**To do**
When you reach a picture, pass over it; otherwise repeat the listing word for word.

**Data shown**
○ ○ ○ ○ ○ ○ ○

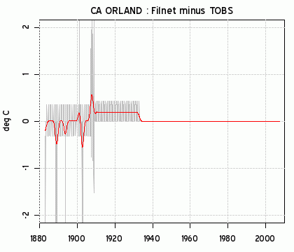 As a benchmark, here is the difference between FILNET (adjusted) and TOBS for Orland in the “old” USHCN. Adjustments in the 20th century are negligible – in keeping with station history information that indicates no changes in location.
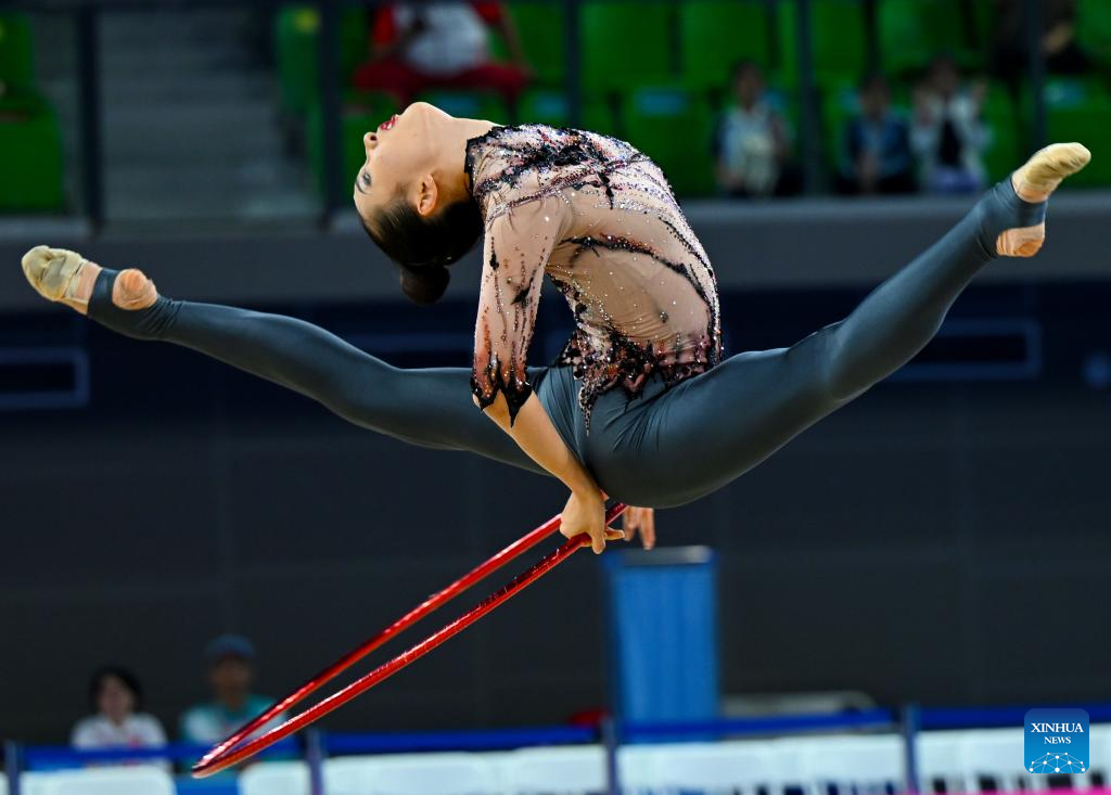 Wang Zilu of Shaanxi performs during the hoop event of the individual all-around final of rhythmic gymnastics at China's 15th National Games in Shenzhen, south China's Guangdong Province, Nov. 10, 2025. (Xinhua/Hao Yuan)
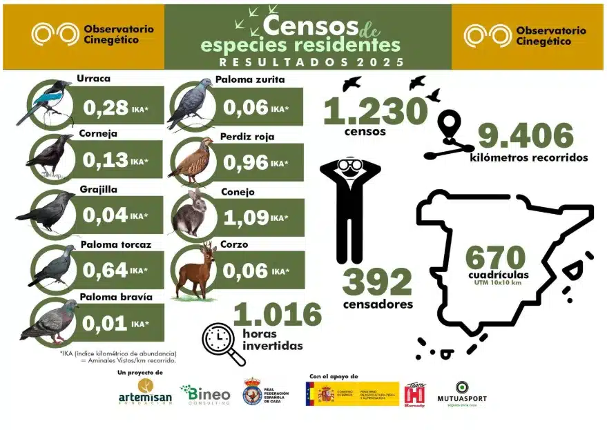 El Observatorio Cinegético es una iniciativa impulsada por la Fundación Artemisan, Bineo Consulting y la Real Federación Española de Caza, con la colaboración del Ministerio de Agricultura, Mutuasport y Hornady. Su objetivo es claro: recopilar datos sólidos y homogéneos sobre las poblaciones de fauna silvestre en nuestro país.
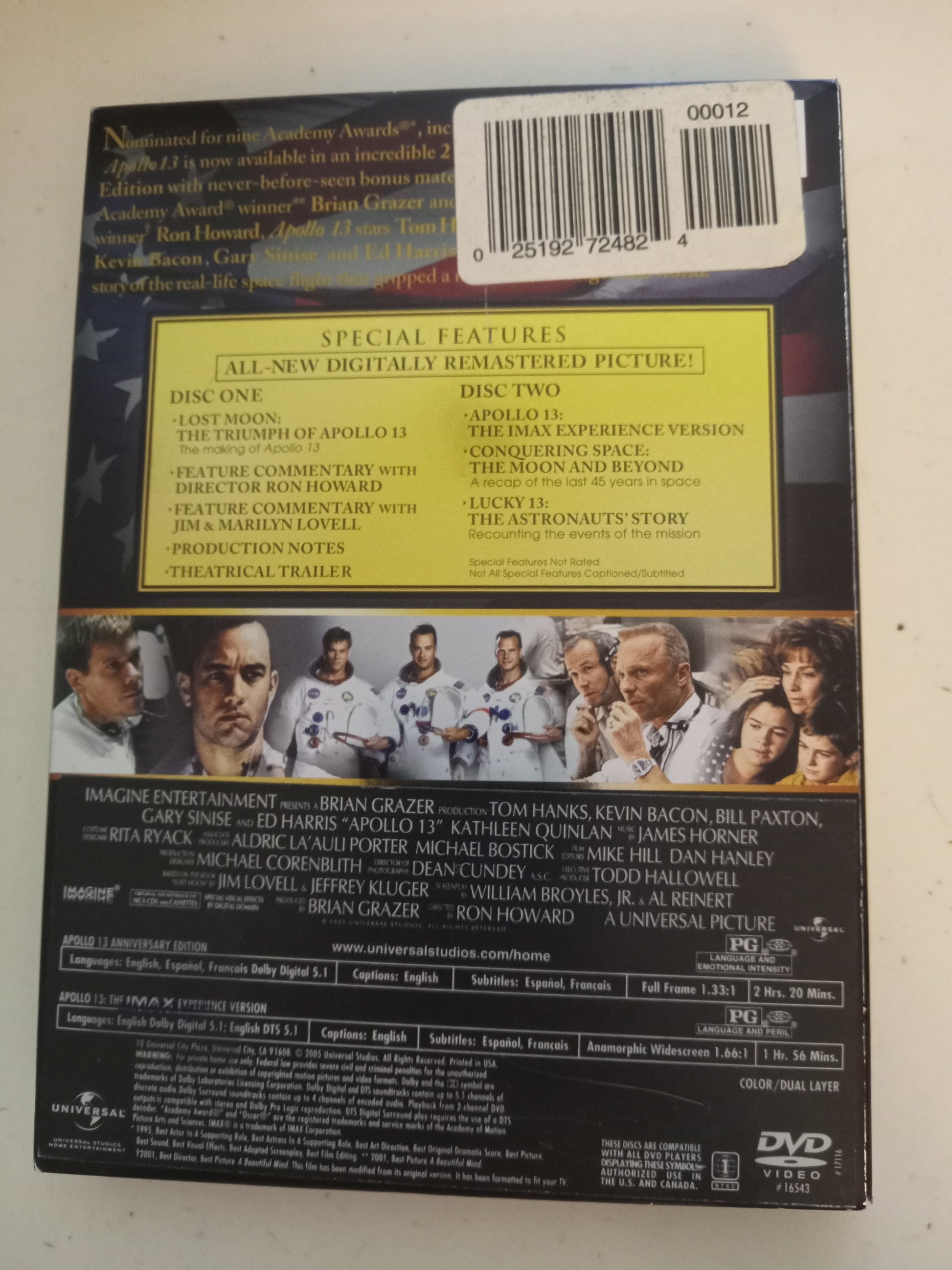 Apollo 13, Houston we have a problem. DVD Movie, Tom Hanks Fullscreen, 2 Disc Anniversary Edition, Rated PG, USED.

○ ○ ○ ○ ○ ○ ○

**Exercise response**
 As a benchmark, here is the difference between FILNET (adjusted) and TOBS for Orland in the “old” USHCN. Adjustments in the 20th century are negligible – in keeping with station history information that indicates no changes in location.
 Wang Zilu of Shaanxi performs during the hoop event of the individual all-around final of rhythmic gymnastics at China's 15th National Games in Shenzhen, south China's Guangdong Province, Nov. 10, 2025. (Xinhua/Hao Yuan)
 El Observatorio Cinegético es una iniciativa impulsada por la Fundación Artemisan, Bineo Consulting y la Real Federación Española de Caza, con la colaboración del Ministerio de Agricultura, Mutuasport y Hornady. Su objetivo es claro: recopilar datos sólidos y homogéneos sobre las poblaciones de fauna silvestre en nuestro país.
 Apollo 13, Houston we have a problem. DVD Movie, Tom Hanks Fullscreen, 2 Disc Anniversary Edition, Rated PG, USED.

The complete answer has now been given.